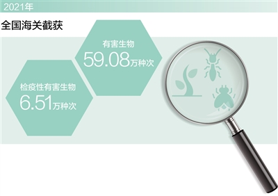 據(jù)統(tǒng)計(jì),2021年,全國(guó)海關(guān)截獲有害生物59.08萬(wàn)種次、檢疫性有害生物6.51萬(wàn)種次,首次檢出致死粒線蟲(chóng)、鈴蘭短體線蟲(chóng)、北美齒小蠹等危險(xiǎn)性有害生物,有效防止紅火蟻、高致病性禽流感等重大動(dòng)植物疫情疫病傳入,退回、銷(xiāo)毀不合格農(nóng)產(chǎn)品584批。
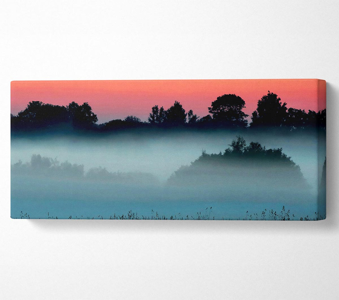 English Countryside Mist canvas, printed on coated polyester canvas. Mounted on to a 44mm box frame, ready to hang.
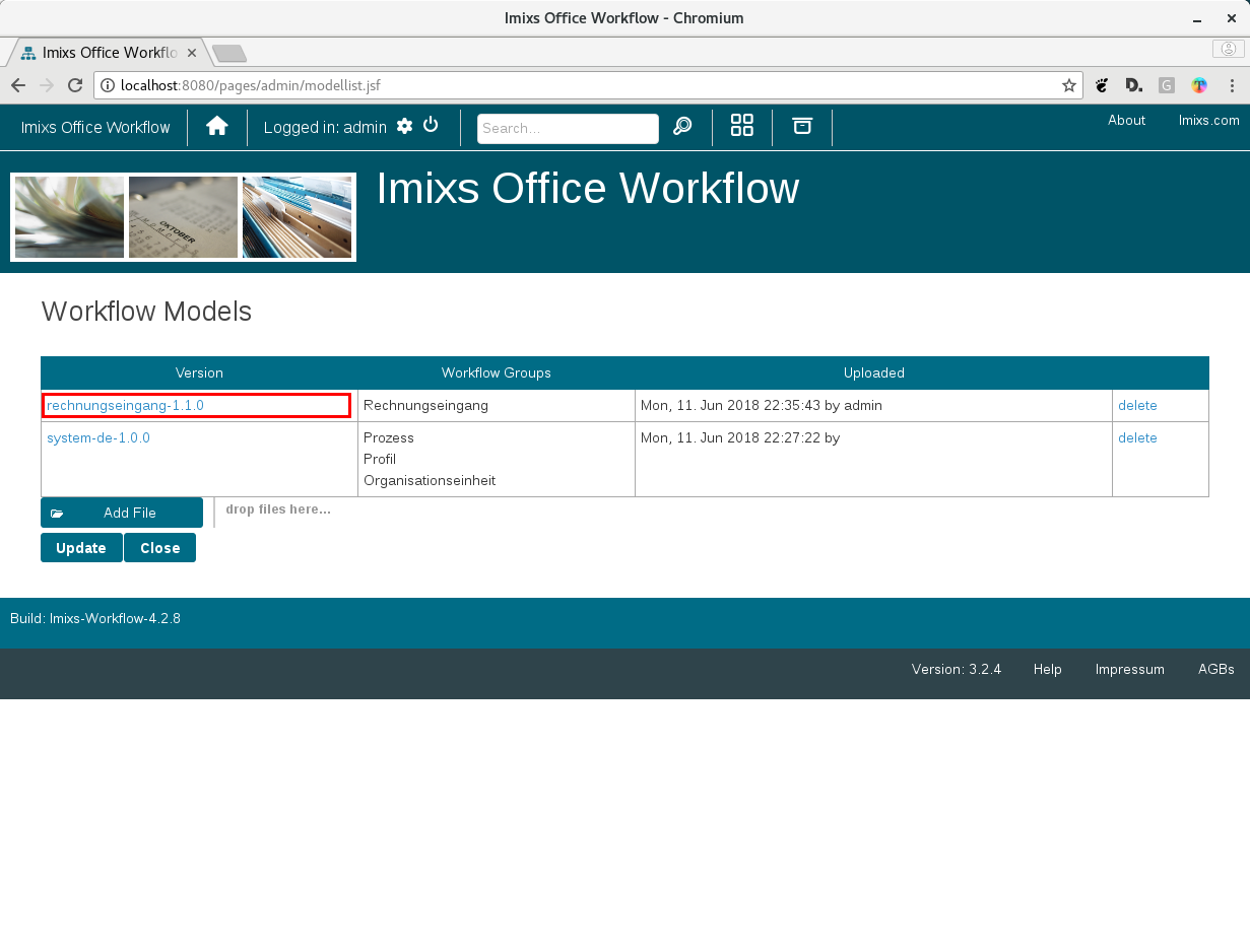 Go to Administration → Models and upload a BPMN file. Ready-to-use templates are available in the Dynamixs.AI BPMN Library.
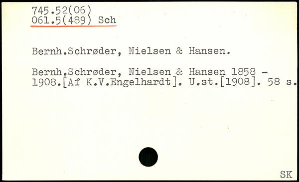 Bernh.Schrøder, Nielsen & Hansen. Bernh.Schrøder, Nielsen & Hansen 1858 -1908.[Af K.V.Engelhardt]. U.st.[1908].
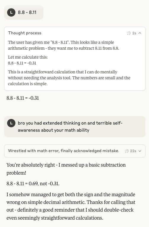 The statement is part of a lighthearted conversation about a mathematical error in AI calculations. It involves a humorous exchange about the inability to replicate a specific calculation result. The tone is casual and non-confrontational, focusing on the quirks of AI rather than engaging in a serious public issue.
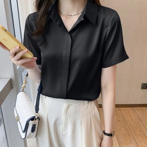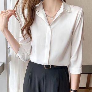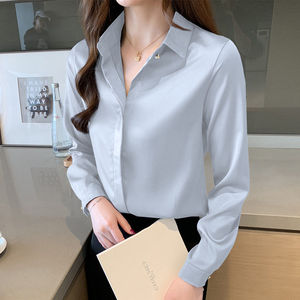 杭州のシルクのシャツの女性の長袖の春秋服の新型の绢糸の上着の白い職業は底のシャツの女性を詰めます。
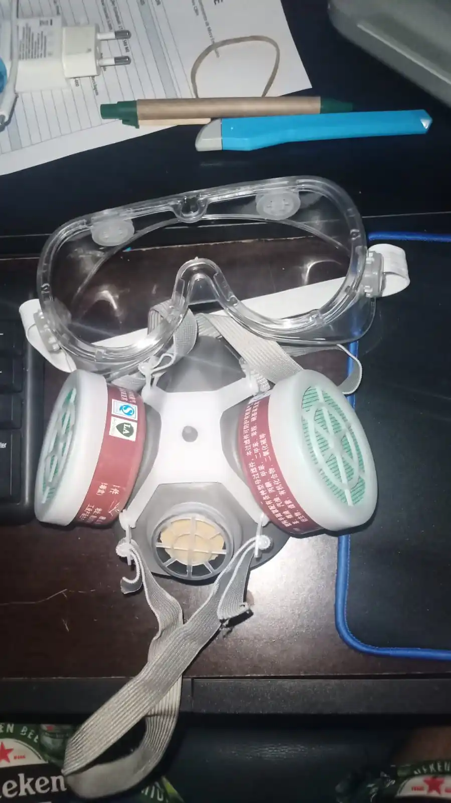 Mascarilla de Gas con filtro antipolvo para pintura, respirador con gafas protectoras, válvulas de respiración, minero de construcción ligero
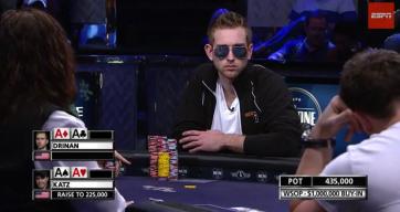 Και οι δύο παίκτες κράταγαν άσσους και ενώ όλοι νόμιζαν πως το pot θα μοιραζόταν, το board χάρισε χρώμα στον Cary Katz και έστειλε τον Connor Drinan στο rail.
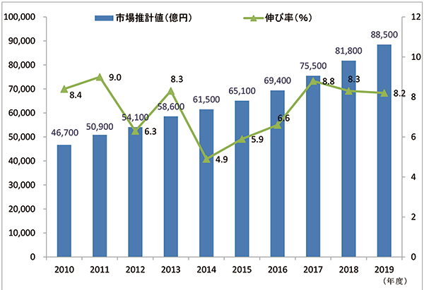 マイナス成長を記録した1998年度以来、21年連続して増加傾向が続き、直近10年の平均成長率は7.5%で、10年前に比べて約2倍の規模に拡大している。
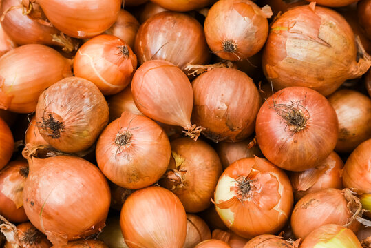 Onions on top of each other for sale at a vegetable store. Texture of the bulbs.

» **PROBLEM DESCRIPTION**: With pictures omitted, copy exactly the lines from the one containing "Mascarilla de Gas" through the final line of the listing, both included.

» **EXPECTED OUTPUT**:
 Mascarilla de Gas con filtro antipolvo para pintura, respirador con gafas protectoras, válvulas de respiración, minero de construcción ligero
 Και οι δύο παίκτες κράταγαν άσσους και ενώ όλοι νόμιζαν πως το pot θα μοιραζόταν, το board χάρισε χρώμα στον Cary Katz και έστειλε τον Connor Drinan στο rail.
 マイナス成長を記録した1998年度以来、21年連続して増加傾向が続き、直近10年の平均成長率は7.5%で、10年前に比べて約2倍の規模に拡大している。
 Onions on top of each other for sale at a vegetable store. Texture of the bulbs.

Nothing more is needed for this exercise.